PIs shown in Figs. 8 and 9 suggest that trained ANNs predict similar PIs in the same months of different years. Because of the unchanging structure of the ANNs in the validation step, where an ANN works like a function, and for similar set of inputs, an ANN predicts similar outputs. GCM outputs mostly have signal characteristics with a very slow changing average. Hence, in consecutive years, GCM outputs are observed to be very similar. Thus, estimated values by ANNs are also very similar in consecutive years. However, in long lead times where the average of the input values changed significantly, estimated PIs are observed to have significant change (Figs. 10 and 11).
Statistical assessments can provide very useful information for decision-makers, such as the return period of extreme events and the current general trends of climate variables. However, predictions for the future may not follow previous trends, due to the essential changes in anthropogenic activities like emission rates. Therefore, extrapolating a valid trend for the past may not be an appropriate approach. However, future simulations of GCMs make it possible to assess the outcomes of different scenarios.
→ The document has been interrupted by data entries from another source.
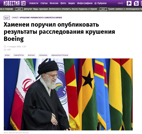 【环球网快讯】俄罗斯《消息报》刚刚援引伊朗伊斯兰共和国广播电视台(IRIB)的消息称,伊朗最高领袖哈梅内伊下令公布乌克兰国际航空公司客机失事的调查结果。
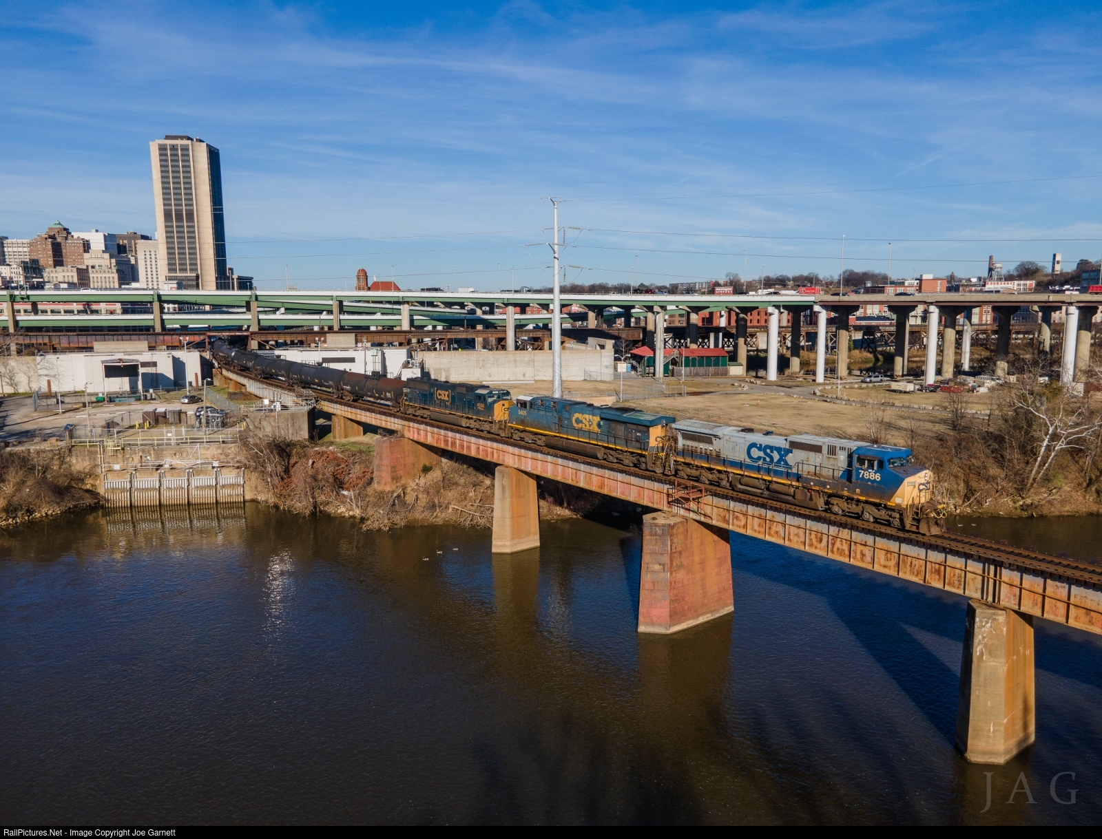 Leaving behind the capitol city skyline as it crosses the James River, loaded ammonium train W943 sports a nice leader for 2022, CW40-8 #7886, wearing it's as-delivered YN2 paint scheme. The bridge they're crossing is showing its lineage as well, with the 'Seaboard' lettering visible below the lead locomotive. About 10 cars deep in the train is the famous triple crossing, who's view is now sadly mostly obscured by the Richmond Flood Wall.
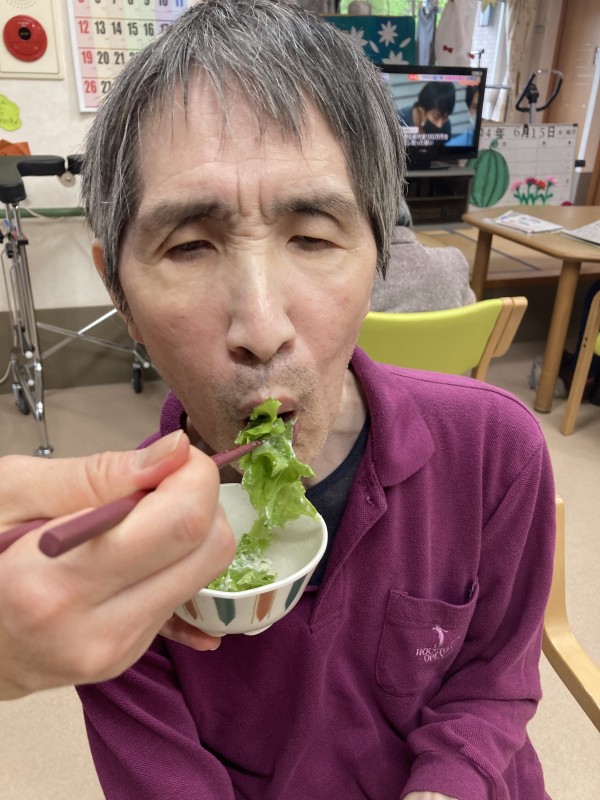 今日のお昼にスマイルサポート課で育てたリーフレタスを頂きました。
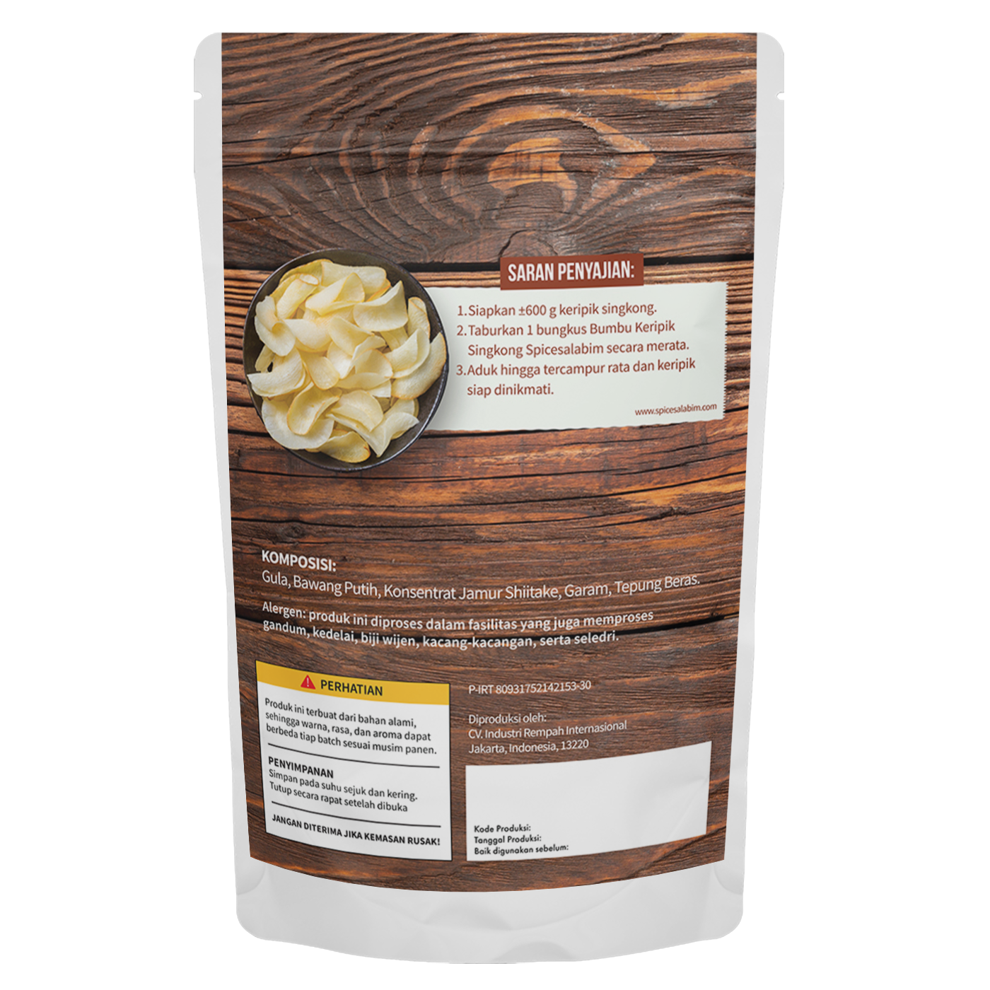 – Komposisi Bumbu Keripik Singkong Spicesalabim – Gula, Bawang Putih, Konsentrat Jamur Shiitake, Garam, Tepung Beras
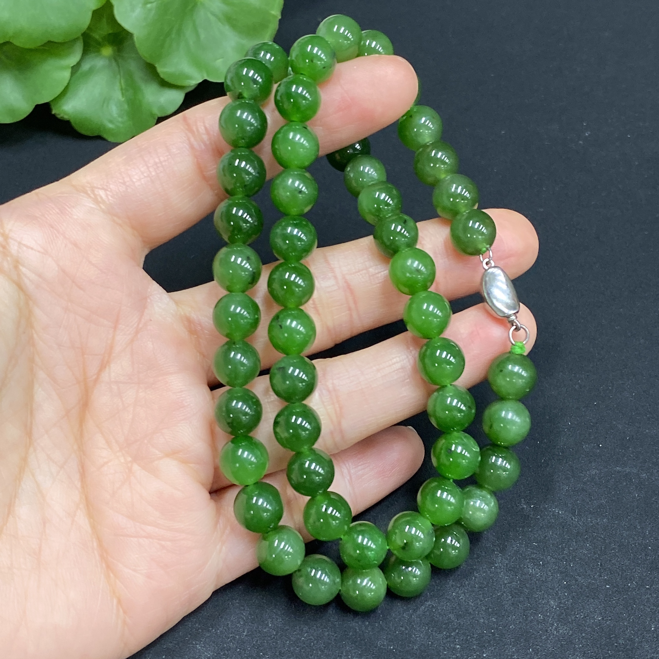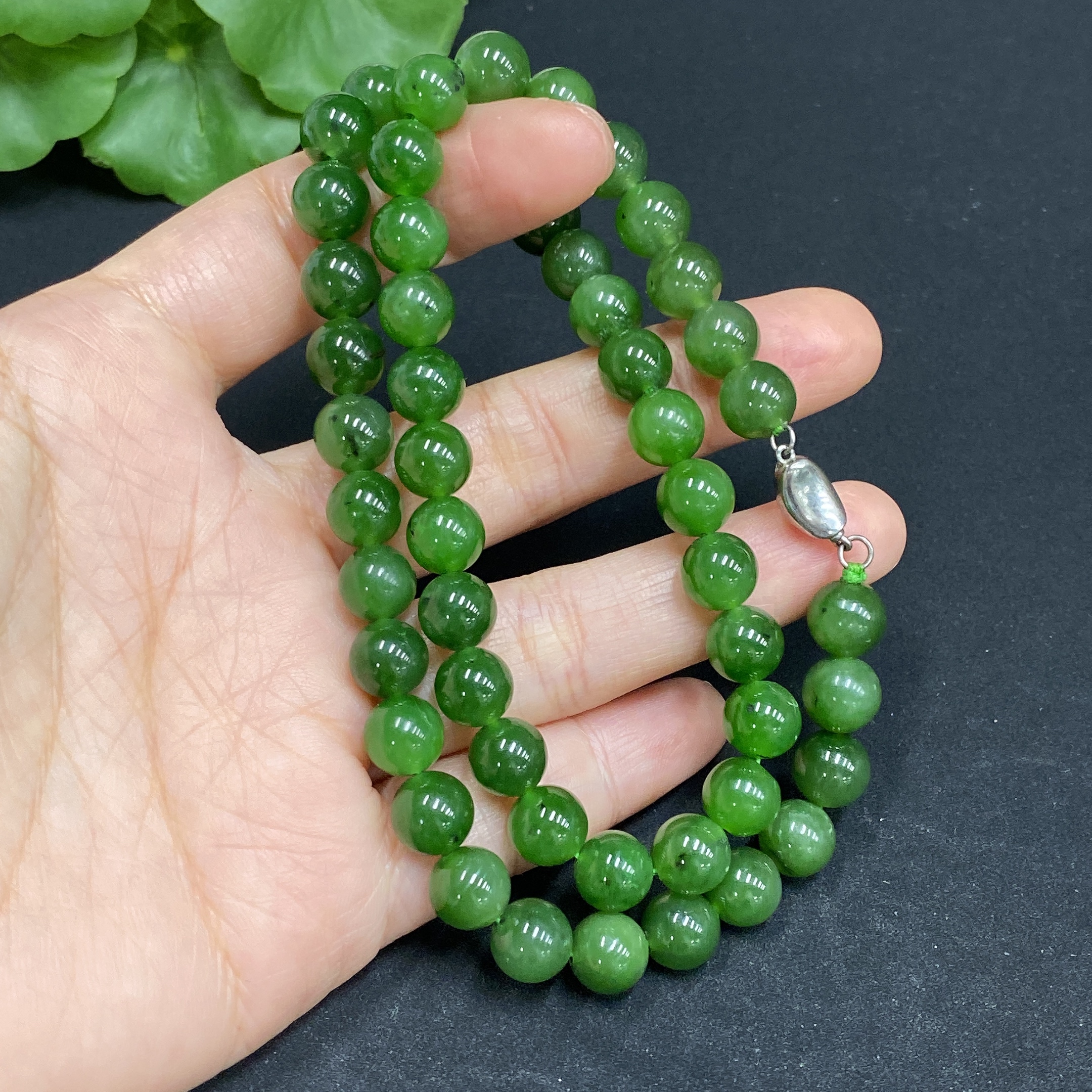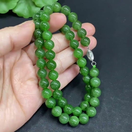Hetian Jade Bead Necklace Approx.7.7mm Non-Gold Total Weight Approx.39.8g

Therefore, statistical downscaling is one of the advantageous approaches in climate research for future projections of climate variables.
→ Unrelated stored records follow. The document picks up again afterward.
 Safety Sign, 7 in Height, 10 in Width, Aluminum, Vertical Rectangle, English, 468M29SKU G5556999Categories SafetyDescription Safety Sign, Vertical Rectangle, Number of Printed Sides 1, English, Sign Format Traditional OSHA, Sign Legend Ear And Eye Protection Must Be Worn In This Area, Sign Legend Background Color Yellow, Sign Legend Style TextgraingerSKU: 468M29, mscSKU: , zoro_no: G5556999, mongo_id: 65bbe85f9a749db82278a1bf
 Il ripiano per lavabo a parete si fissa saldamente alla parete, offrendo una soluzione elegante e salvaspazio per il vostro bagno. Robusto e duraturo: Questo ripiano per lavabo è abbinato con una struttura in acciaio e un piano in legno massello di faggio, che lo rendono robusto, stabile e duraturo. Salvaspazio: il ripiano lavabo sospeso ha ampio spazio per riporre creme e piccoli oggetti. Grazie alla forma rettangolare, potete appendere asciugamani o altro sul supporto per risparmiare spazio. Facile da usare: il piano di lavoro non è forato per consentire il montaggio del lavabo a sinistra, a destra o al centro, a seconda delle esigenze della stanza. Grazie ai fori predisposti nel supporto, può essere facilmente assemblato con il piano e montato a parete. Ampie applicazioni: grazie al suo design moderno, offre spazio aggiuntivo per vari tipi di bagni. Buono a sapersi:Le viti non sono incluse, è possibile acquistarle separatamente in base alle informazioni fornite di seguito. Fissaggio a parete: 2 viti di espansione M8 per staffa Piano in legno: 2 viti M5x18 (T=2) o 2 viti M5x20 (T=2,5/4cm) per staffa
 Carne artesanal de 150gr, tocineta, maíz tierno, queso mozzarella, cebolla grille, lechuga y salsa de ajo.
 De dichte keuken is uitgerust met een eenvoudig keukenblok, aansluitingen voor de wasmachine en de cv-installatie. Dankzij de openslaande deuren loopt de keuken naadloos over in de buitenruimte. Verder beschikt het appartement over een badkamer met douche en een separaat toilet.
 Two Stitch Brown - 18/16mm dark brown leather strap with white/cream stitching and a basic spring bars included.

d. Results of projection for future
The projections for the near future (2046–50) and far future (2096–2100) were conducted resulting from the SSP5-8.5 scenario. LSTM and LSTM-based LUBE models were utilized as the most efficient models for point prediction and PIs projections, respectively. The projected precipitation and temperature were then compared with the observed values of the base period (i.e., 2006–10 for Tabriz station and 2008–12 for Rasht station) and the nearest Canadian Regional Climate Model 4 (Can-RCM4) grid point projected data for the same periods, as pseudo-observations (for pseud-observations, see Vrac et al. 2007).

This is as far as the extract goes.